1. Inspect the database

Use tools like DBeaver or pgAdmin to connect to PostgreSQL and inspect the data through SQL queries (command-line tools also work, but a UI tends to be easier). Useful queries include:

  • SELECT * FROM project

  • SELECT * FROM semantic_data

  • SELECT * FROM representation_data

  • SELECT * FROM databasechangelog (Liquibase metadata)

To check table sizes:

SELECT table_schema,
       table_name,
       pg_total_relation_size('"'||table_schema||'"."'||table_name||'"')
FROM information_schema.tables
WHERE table_schema = 'public'
ORDER BY 3 DESC;

2. Monitor database activity

Run SELECT * FROM pg_stat_activity to list the PostgreSQL sessions.

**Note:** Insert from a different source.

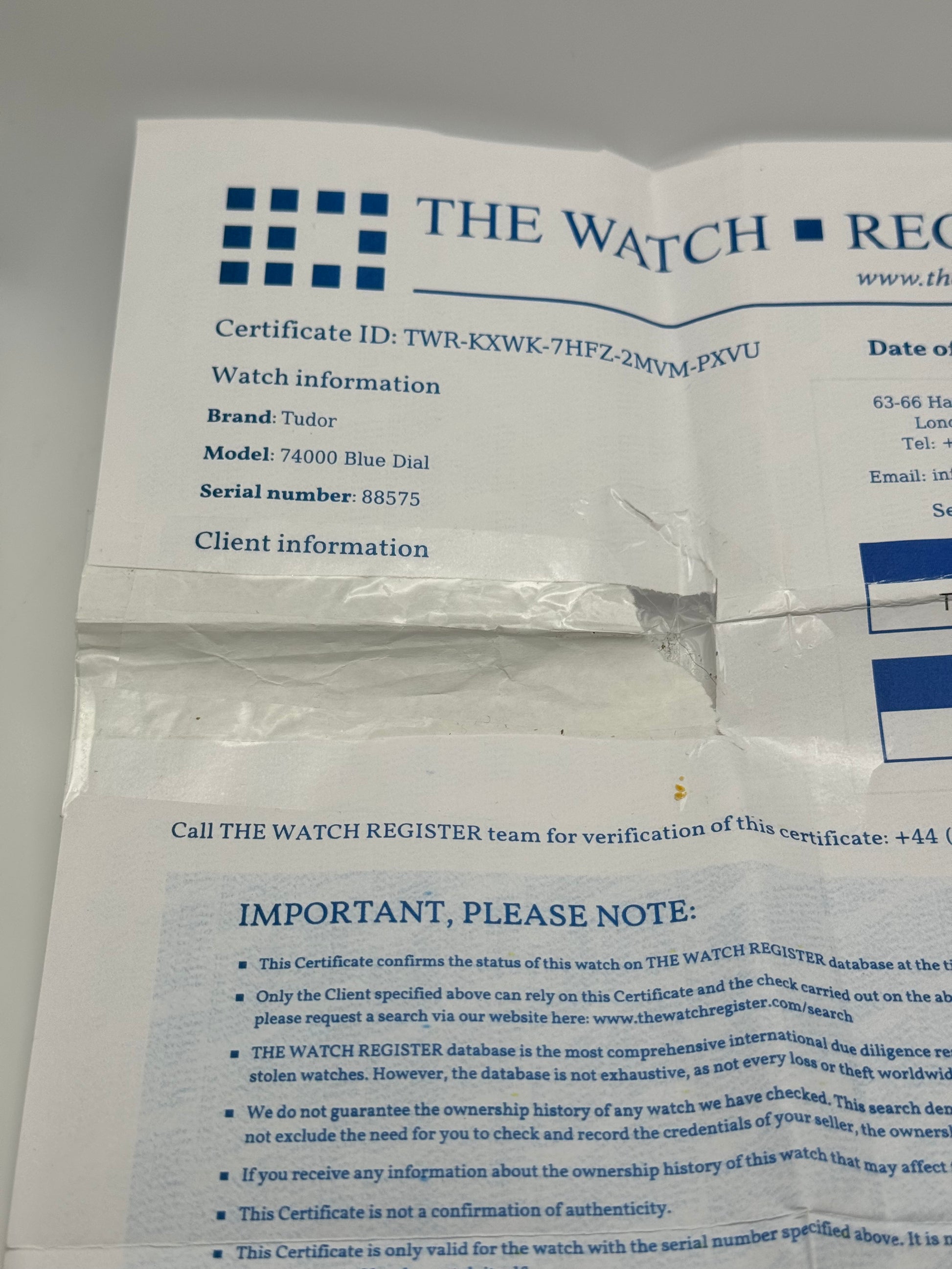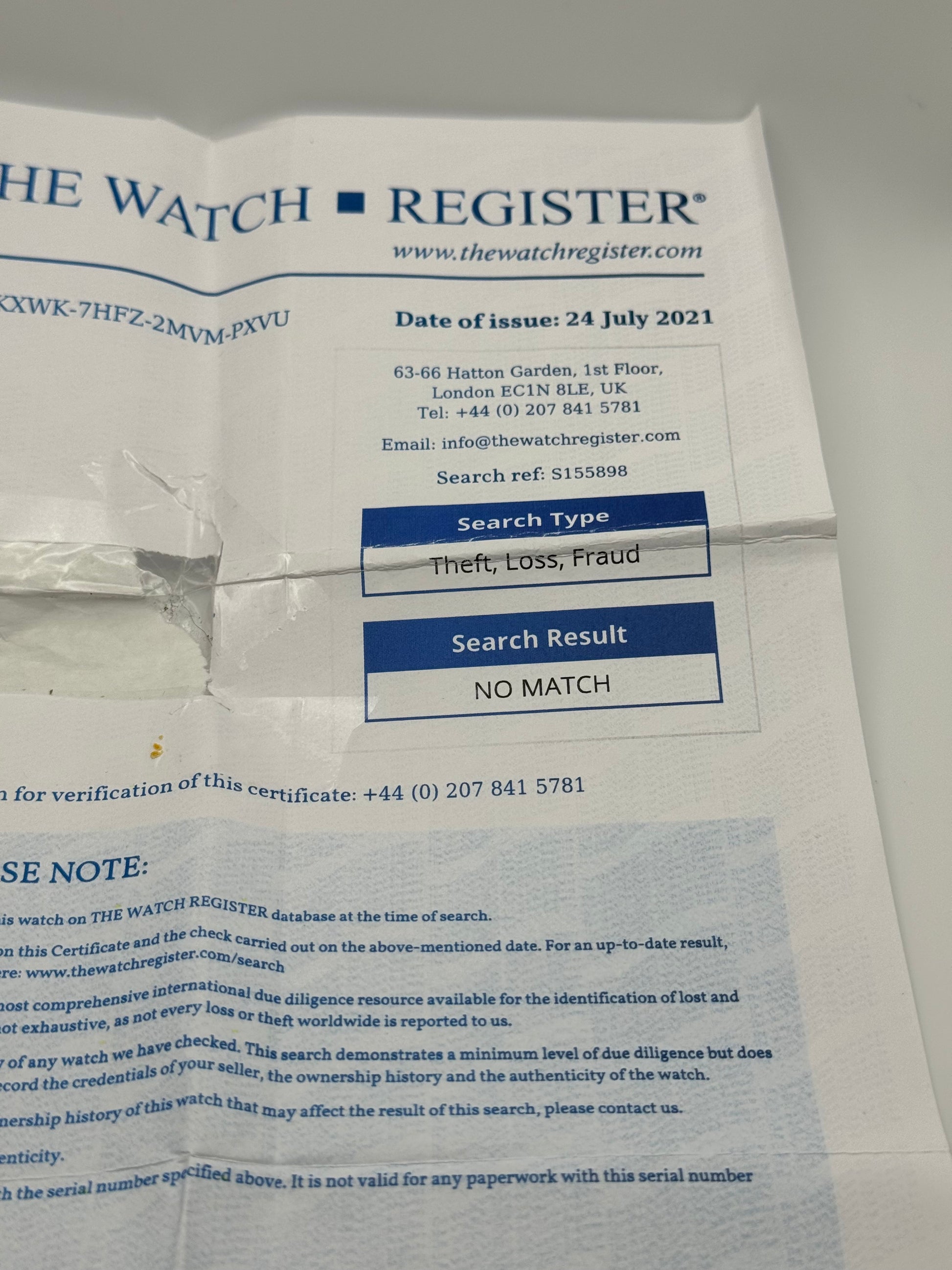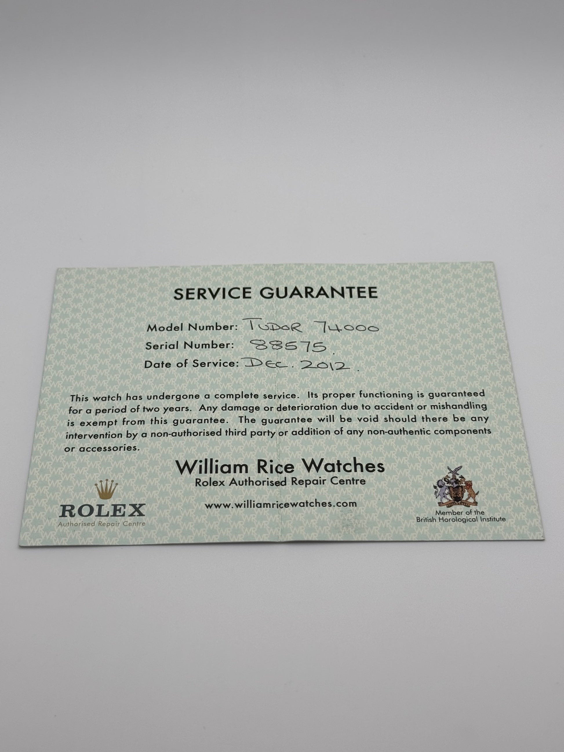 - Service receipt from Rolex Authorised service centre

Look for clients named PostgreSQL JDBC Driver (the default Spring/Hikari pool name):

  • Multiple idle entries with SET application_name = 'PostgreSQL JDBC Driver' are the idle pool threads (expected).

  • Entries whose last query is COMMIT are threads that completed at least one transaction.

  • An idle client with a meaningful query may indicate a transaction that was never committed.

  • An active client stuck for a long time likely points to a slow query.

3. Log outbound SQL

3.1. Spring JDBC logs

Set logging.level.org.springframework.jdbc=debug to log JDBC lifecycle events, including transaction creation/commit and the SQL statements executed.

3.2. Datasource proxy logs

If you need parameter values, temporarily add the following dependency to sirius-web:

<dependency>
  <groupId>com.github.gavlyukovskiy</groupId>
  <artifactId>datasource-proxy-spring-boot-starter</artifactId>
  <version>1.9.0</version>
</dependency>

Then enable logging.level.net.ttddyy.dsproxy.listener=debug to log each statement with its bound parameters.

4. Profile expensive queries

Use PostgreSQL’s EXPLAIN with ANALYZE to understand how a statement is executed:

EXPLAIN (analyze, buffers, format text)
SELECT "...";

The output shows the time spent on each plan node, which helps pinpoint the bottleneck.

5. Enable verbose PostgreSQL logs

You can configure the Dockerized PostgreSQL instance to log every detail:

docker run -p 5438:5432 --name sirius-web-postgresql \
  -e POSTGRES_USER=dbuser -e POSTGRES_PASSWORD=dbpwd -e POSTGRES_DB=sirius-web-db \
  -itd postgres -c logging_collector=on -d 5

Decrease -d (debug level) if the log becomes too verbose. Logs are typically available under /var/lib/postgresql/data/log within the container.